ScMet-Seq has three major advantages over other liquid biopsy methods. First, scMet-Seq provides deterministic cancer diagnosis with nearly 100% of diagnostic specificity and PPV. Consistent single-cell CNA profiles among multiple cells demonstrate high technical accuracy of scMet-Seq and are biologically characteristic of malignant cells. CTC-derived CNA profiles are found consistent with those of tumor tissues, indicating tumor origin of CTCs. Thus, this criterion of CTC determination identifies genuine CTCs and generates deterministic cancer diagnosis. Clinical studies in ascites have shown 100% of diagnostic specificity and PPV of scMet-Seq, and improved diagnostic sensitivity that is superior to cytology. Second, scMet-Seq is a multi-cancer diagnostic method rather than specific for a specific cancer type. Somatic CNAs and increased HK2 activity are both found in a majority of solid tumors. For this reason, HK2-informed single-cell CNA profiling for CTC detection has high sensitivity in different kinds of body fluids and across many cancer types. In this study, we detected CTCs in ascites and blood across >10 cancer types, indicating wide applicability of scMet-Seq.
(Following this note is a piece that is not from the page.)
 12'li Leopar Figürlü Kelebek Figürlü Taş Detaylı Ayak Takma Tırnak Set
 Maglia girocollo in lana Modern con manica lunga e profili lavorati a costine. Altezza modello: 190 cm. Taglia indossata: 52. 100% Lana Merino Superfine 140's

Third, scMet-Seq is capable of diagnosing cancer metastasis by detecting CTCs in body fluids distant from primary tumors. However, ctDNA analysis fails to discriminate metastatic and localized diseases.

Although detection of targetable driver mutations hasn’t been included in the scMet-Seq34, CNA profile characterization have shown prognostic value because significant associations between increasing CNA burden and more severe phenotypes or reduced survival are reported35,36. ScMet-Seq could be a robust diagnostic tool for malignancy diagnosis and prognosis using liquid biopsies, as well as companion diagnostics if combined with detection of targetable driver mutations.
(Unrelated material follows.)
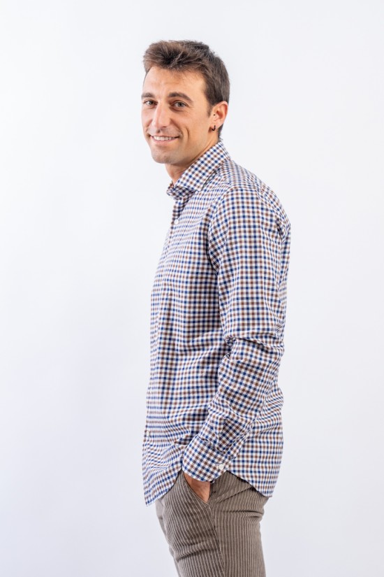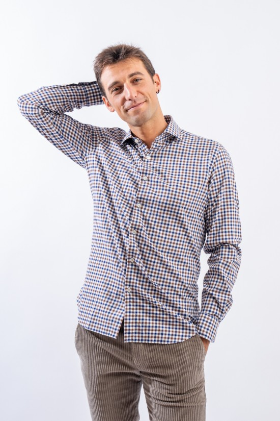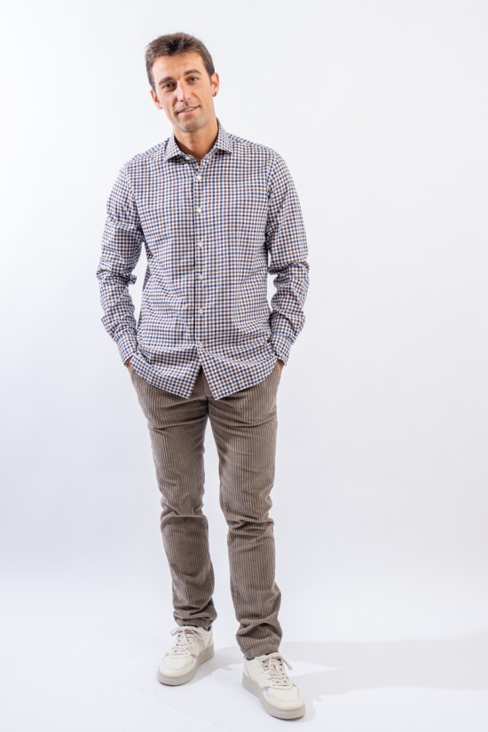 Xacus shirt made of double twisted poplin with pattern. Garment washed for a sporty look with a refined design. The tailor fit is slim and comfortable. Versatile, it is the right choice for any occasion.
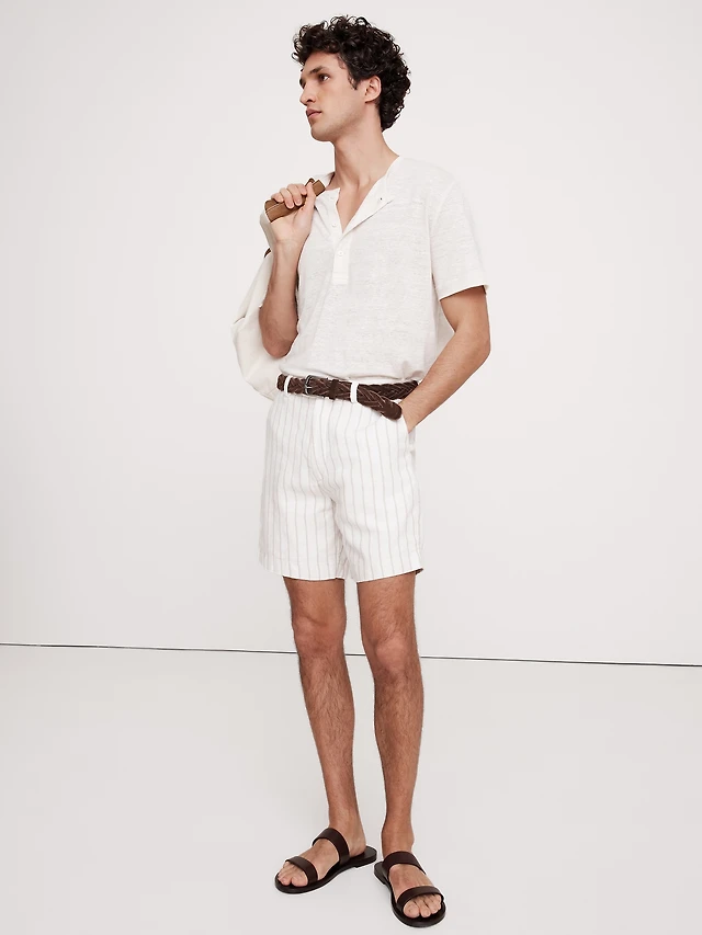9.5" Herringbone Linen-Cotton Pleated Pull-On Short

ScMet-Seq sensitively detects sCTCs in blood and non-blood body fluids and determines genuine CTCs with rapid and low-cost single-cell CNA profiling. Since CTCs are rare in body fluids, a complicated procedure involving CTC enrichment, cell fixation, immunostaining and storage is required to detect sCTCs, leading to DNA degradation and compromised sequencing quality. Although single-cell CNA profiling of CTCs were reported in previous studies14,30,37,38,39, only a small fraction of CTCs were sequenced due to low success rate and high cost of single-cell low-pass WGS. However, the definition of scMet-Seq requires high success rate and low cost of single-cell CNA profiling to generate deterministic cancer diagnosis. To address this technical challenge, we firstly developed a click chemistry-based cell fixation approach to minimize DNA degradation and achieved ~30% increase of sequencing coverage compared with traditional PFA-based cell fixation method. Second, a Tn5-based single-cell WGS method was developed in this study by combining single-cell WGA and sequencing library construction into a single step for significant reduction of processing time and cost compared to the MALBAC protocol. MALBAC, a commercial single-cell WGA protocol, is used in this study as the comparator to the Tn5-based method because MALBAC enables detection of single-cell CNA profiles in both fresh and fixed cells with high CNA detection accuracy and uniformity40,41. In this study, only four and three patients in the validation ascites (109 patients) and SCLC (18 patients) cohorts were excluded due to unsuccessful single-cell WGS of sCTCs, respectively, demonstrating high success rate of scMet-Seq. This high success rate paves the way of scMet-Seq for routine clinical use.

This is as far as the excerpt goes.